In these four cases of embedded narratives, the stories, both internal and external, are about women. In all four cases, moreover, a physician narrator presents the saga of a woman who might not, because of her social situation, have the opportunity for literary self-expression. The physician, as a figure of social power, thus serves as a literary conduit that allows the other voices to speak out.
Here again, medicine as a vehicle of empowerment for individual women is set against the more general context of relative female powerlessness. But something far more subtle and more culturally encompassing is being intimated. As cultural critics beginning with Michel Foucault have shown repeatedly, medicine acts as a special discourse, itself a form of power.[72] Like the writer, the physician interprets a reality, codifies it, explains it, and then reports and transmits it to other physicians. In the Saadawian corpus, the social power of the physician merges with that of the writer.
In “Qissa min Hayât Tabîba” (A story from a woman doctor’s life), a third-person narrator introduces the text: “Dr. S. wrote in her diary”[73] This statement is followed by the first-person narrative of Dr. S. and the permanent disappearance of the third-person narrator from the story. This is an odd coincidence, indeed, the initial S. standing, among other things, for El Saadawi. In any event, the story that Dr. S. proceeds to recount is as follows: A young girl is sitting in her clinic, flanked by a tall young man, her brother. The brother asks the physician to examine his sister, wishing to be reassured about her, “since we are marrying her to her cousin next week.” The girl cuts her brother off, insisting that she does not love this man and does not wish to marry him. The brother, however, responds that she does not want to marry him for “another reason, Doctor…I think you understand”—a clear allusion to the possibility of her having already lost her virginity.
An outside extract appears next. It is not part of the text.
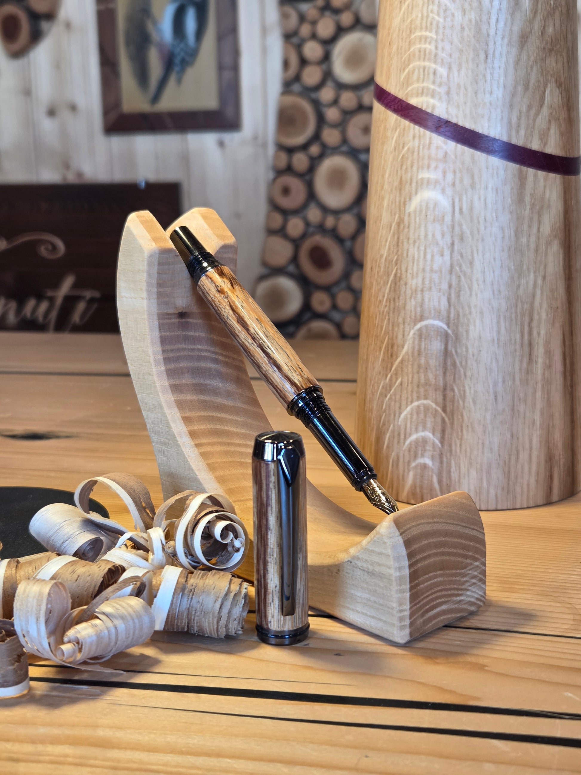 Penna stilografica modello New Gentleman in legno di beli e meccanica gun metal. Cartuccia a pressione.
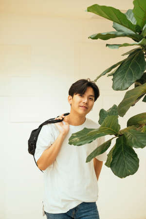 Teenage guy in jeans and white t-shirt standing next to the tree with green leaf at the white wall.

Observing the fright in the young girl’s eyes, the physician asks the brother to leave the room so that she can perform the examination. Alone with the doctor, the girl refuses to be examined, but begs her to save her from this brother, who, she says, will surely kill her. The physician decides that she cannot proceed without the girl’s permission and tells her that she will so inform the brother. The girl objects, insisting that he will simply take her to another doctor. She then asks the physician to claim that she examined her and found her “honorable.” Her brother, she again says, will kill her otherwise. But she is in love with another man and will marry him in a month. She swears to the physician that nothing dishonorable has occurred between them. (Similarly, a young woman had visited the narrator of Memoirs of a Woman Doctor in search of protection from murderous male relatives.[74])
Examining her own conscience and the medical code of ethics, the physician in the story calls in the brother and declares to him that his sister is honorable. As she explains it later, she believes that the girl is honorable: “Medicine can only distinguish between disease and non-disease. It cannot distinguish between honor and dishonor.” She makes the brother apologize to his sister for doubting her, and the two leave. The physician then writes her own oath: “I swear that my humanity and my conscience will be my rules in my work and my art,” adding, “I put down my pen and felt an ease I had not felt for a long time.”
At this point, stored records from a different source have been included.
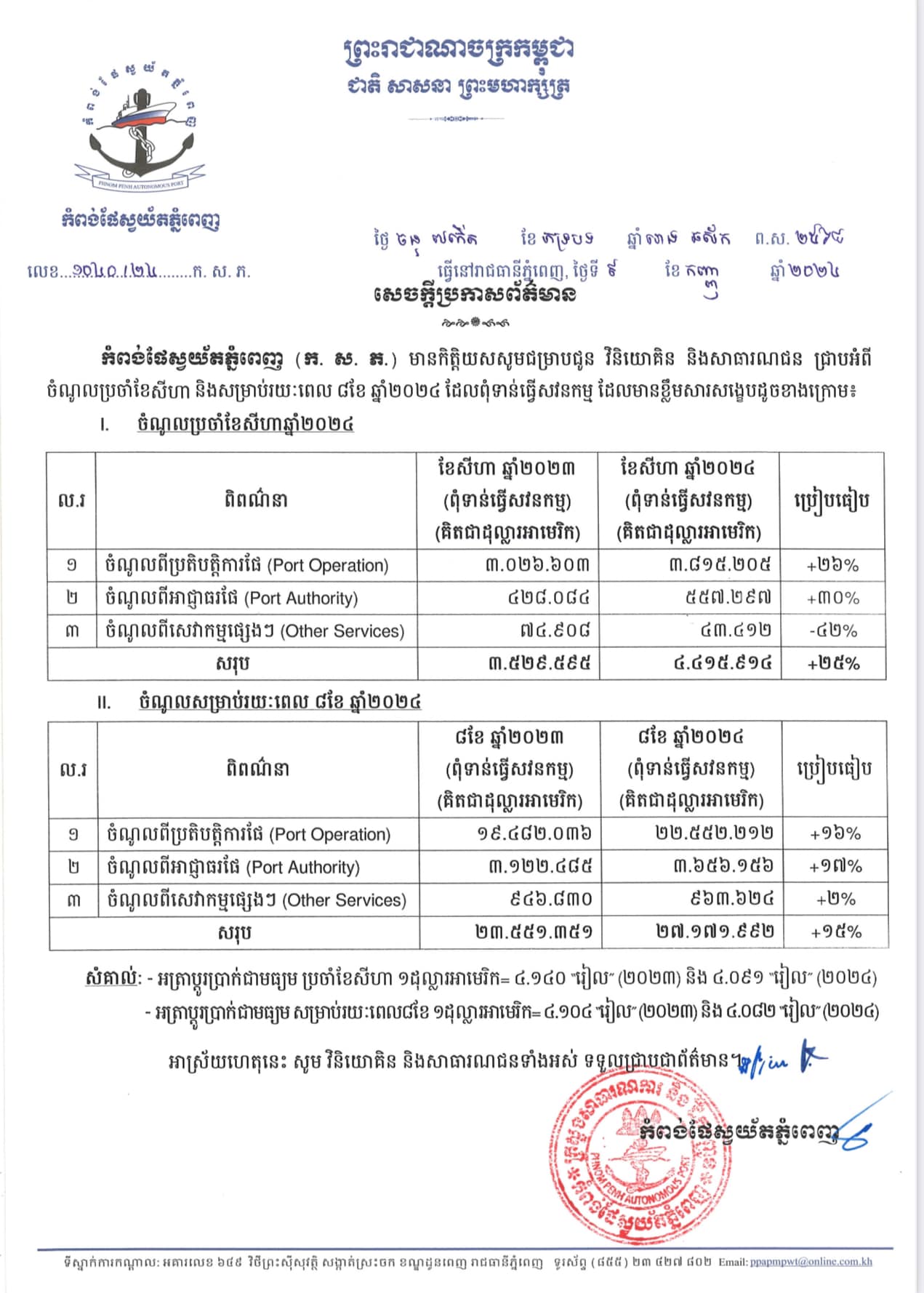កំពង់ផែស្វយ័តភ្នំពេញ (ក.ស.ភ.) មានកិត្តិយសសូមជម្រាបជូនវិនិយោគិន និងសាធារណជនជ្រាបអំពីលទ្ធផលការងារអាជីវកម្ម សេវាកម្ម អនុវត្តសម្រាប់ខែសីហា និងអនុវត្តសម្រាប់ ៨ខែដើមឆ្នាំ២០២៤ (ពុំទាន់ធ្វើសវនកម្ម) ដែលមានខ្លឹមសារសង្ខេបដូចខាងក្រោម។ អាស្រ័យហេតុនេះ សូមវិនិយោគិន និងសាធារណជនទាំងអស់ទទួលជ្រាបជាព័ត៌មាន។
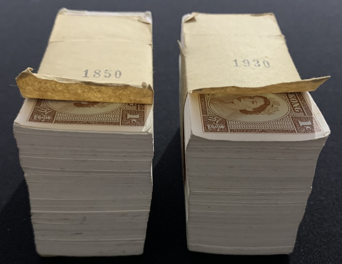 1952年香港政府1仙一組約1000枚,郭伯偉爵士簽名,當中200枚還沒開封,其他有輕微泛黃及碰痕
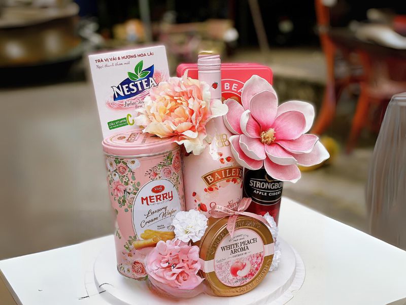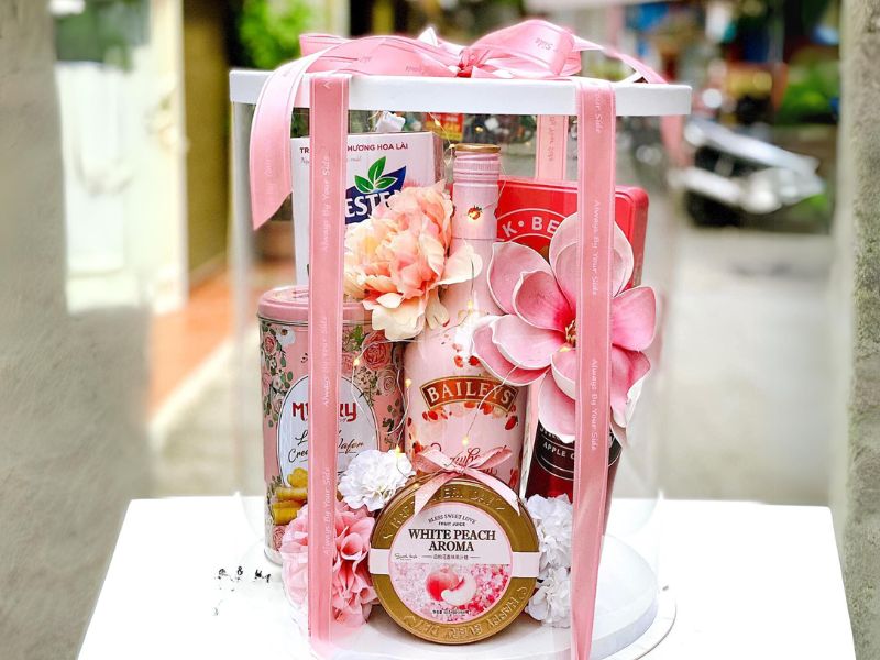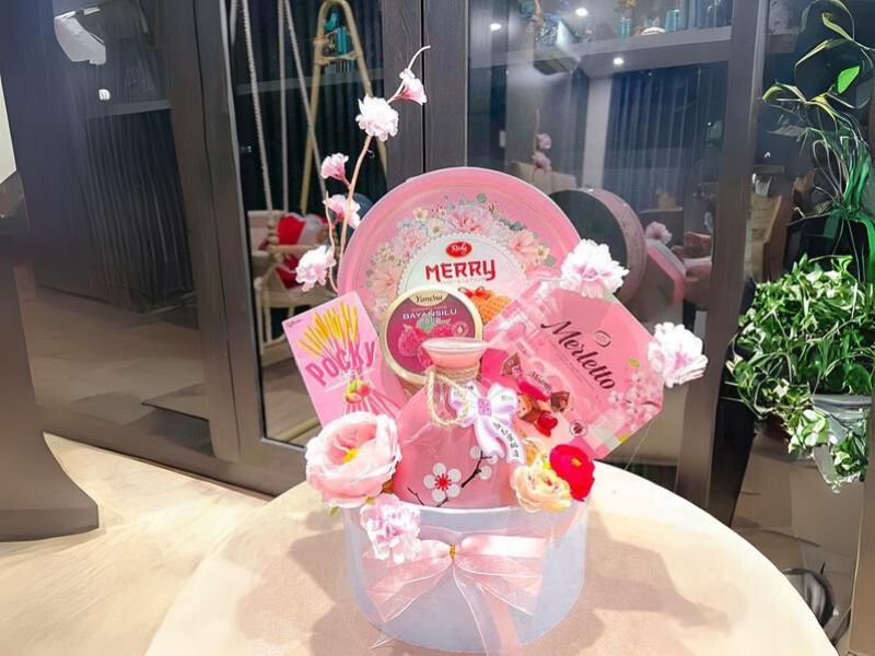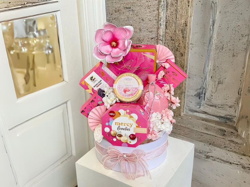 Các set quà màu hồng thường được trang trí đẹp mắt, với phụ kiện nhẹ nhàng, tạo nên những giỏ quà ấn tượng, truyền tải các thông điệp trong mỗi set quà tặng

The framing technique here is little more than a preface to the physician’s written words; its absence would not alter the essential plot of the story. Hence, its presence is quite eloquent. This physician narrator needs a third-person narrator as an intermediary to introduce the writing process itself. The recording of the story in writing differs from the oral and epistolary framings analyzed, although like them it requires mediation. Like the other protagonists whose sagas need to be narrated by the physician, these two characters from the countryside would not have access to the written word. The female physician is once again the means by which silent voices can tell their stories.
But this particular framing highlights an important element that redefines the other enframed narratives. The opening phrase, “Dr. S. writes in her diary,” is followed by the account of a clinic visit: the two characters enter, pose the problem, the physician makes her “diagnosis,” the two leave, and the physician writes her notes. The story functions as a medical case history. When viewed in this light, the other physician-mediated narratives take on a different cast: they, too, become case histories of sorts.[75]
The rewriting of the oath is suggestive as well. Rather than adhering to traditional professional values, this physician redefines what medicine should be by setting down her own creed. This act is subversive, calling into question the authoritarian structure of professions like medicine, all of whose members are tied by this bond. Is this a feminist redefinition of medicine? It could very well be!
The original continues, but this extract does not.